Because he’s usually a step behind White in the opening – Black has to be wary of setting traps.
Krzysztov Pytel White
Oscar Castro Black
Dortmund 1977
Queen’s Gambit Accepted D20
1 d4 d5 2 c4 dxc4 3 e4 e5 4 ♘f3 exd4 5 ♗xc4 ♘c6
White can see a tactical weakness at f7. But 6 ♕b3 can be safely met by 6...♗b4+ (7 ♘bd2 ♕e7).
6 0-0 ♗g4?
This is based on two traps. The first is 7 ♗xf7+? ♔xf7 8 ♘g5+? ♕xg5! (9 ♕b3+ ♗e6) and Black wins.
7 ♕b3! ♕d7
The second trap is 8 ♕xb7? ♖b8. Black would get a powerful attack, 9 ♕a6 ♗xf3 10 gxf3 ♖b6 11 ♕a4 ♗d6.

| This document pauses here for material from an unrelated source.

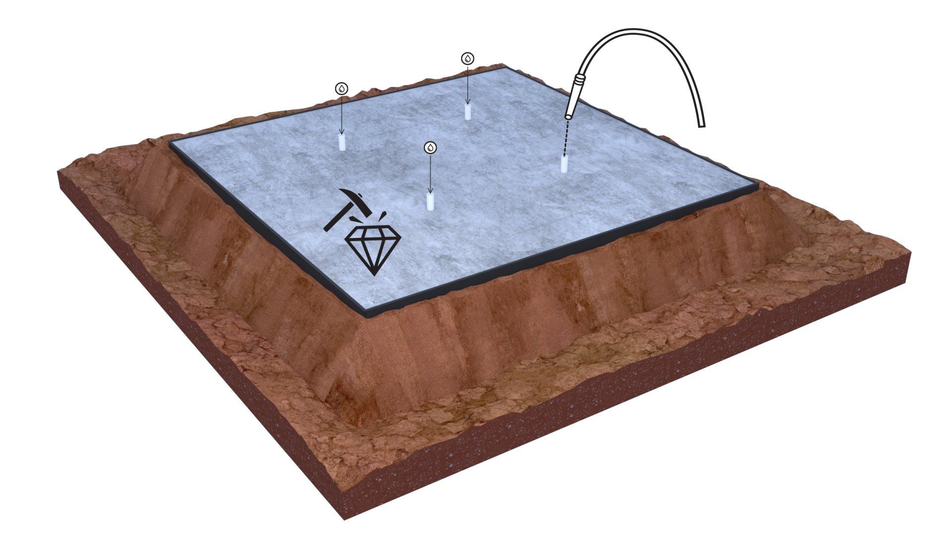 Once the saturation process is complete, strike through the bottom facing and polythene to allow the water to drain.
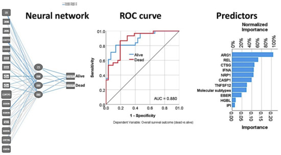 Notably, a multilayer perceptron analysis could be used to perform the multivariate analysis in a nonlinear manner (Figure 10). The input variables (predictors, 15 units) were the IPI, EBER, molecular subtypes, High-grade B-cell lymphoma, and the seven genes of the set. The output variable was the overall survival outcome (dead vs. alive, two units). The hidden layer had one layer with three units. The activation function was the hyperbolic tangent in the hidden layer and softmax in the output layer. The network performance was good, with an ROC area under the curve of 0.880 and 84.4% correct classification. The most important factors, according to their normalized importance (NI), for predicting the overall survival outcome (dead/alive) were as follows: ARG1 (100% NI), REL (63.5%), CTSG (54.2%), IFNA8 (52.7%), NRP1 (52.0%), CASP1 (47.3%), TNFSF12 (36.0%), molecular subtypes (34.9%), EBER (22.8%), high-grade B-cell lymphoma (8.7%), and IPI (6.7%).

Question 52: What if 9 ♗xf7+ so that 9...♔xf7 10 ♕xc6 ♔xc6 11 ♘e5+ ?
8 ♗xf7+!
The trapper is trapped. Clearly 8...♔d8 9 ♗xg8 won’t do (9...♗xf3 10 gxf3 ♘a5 11 ♕e6).
8...♕xf7 9 ♕xb7 ♖c8
In a bad position, Black might have gambled on 10...♔d7!?.
The idea is 11 ♕xa8? ♗xf3 12 gxf3 ♗d6.
For example, 13 ♘d2?? ♕f4 and Black wins.
Question 53: What’s wrong with this analysis?
10 ♕xc6+ ♗d7 11 ♕a6 ♘f6 12 e5! ♘e4 13 ♖e1 ♘c5 14 e6!? ♘xe6 15 ♘g5 resigns.
In view of 14...♘xa6 15 exf7+ ♔xf7 16 ♘e5+ ♔e6 17 ♘g6+.
Or 15...♔d8 16 ♗g5+ and mates.
Viktor Korchnoi White
Ilias Nikolopoulos Black
Greece 2002
1 d4 d5 2 c4 dxc4 3 e4 e5 4 ♘f3 exd4 5 ♗xc4 ♘c6 6 0-0 ♗g4? 7 ♕b3! ♘a5? 8 ♗xf7+ ♔e7 9 ♕b5 ♘f6 10 ♕xa5 ♗xf3 11 ♗b3 ♗g4 12 ♕e5+ ♔d7 13 f3! ♗d6 14 ♕b5+ ♔c8 15 fxg4 and White wins.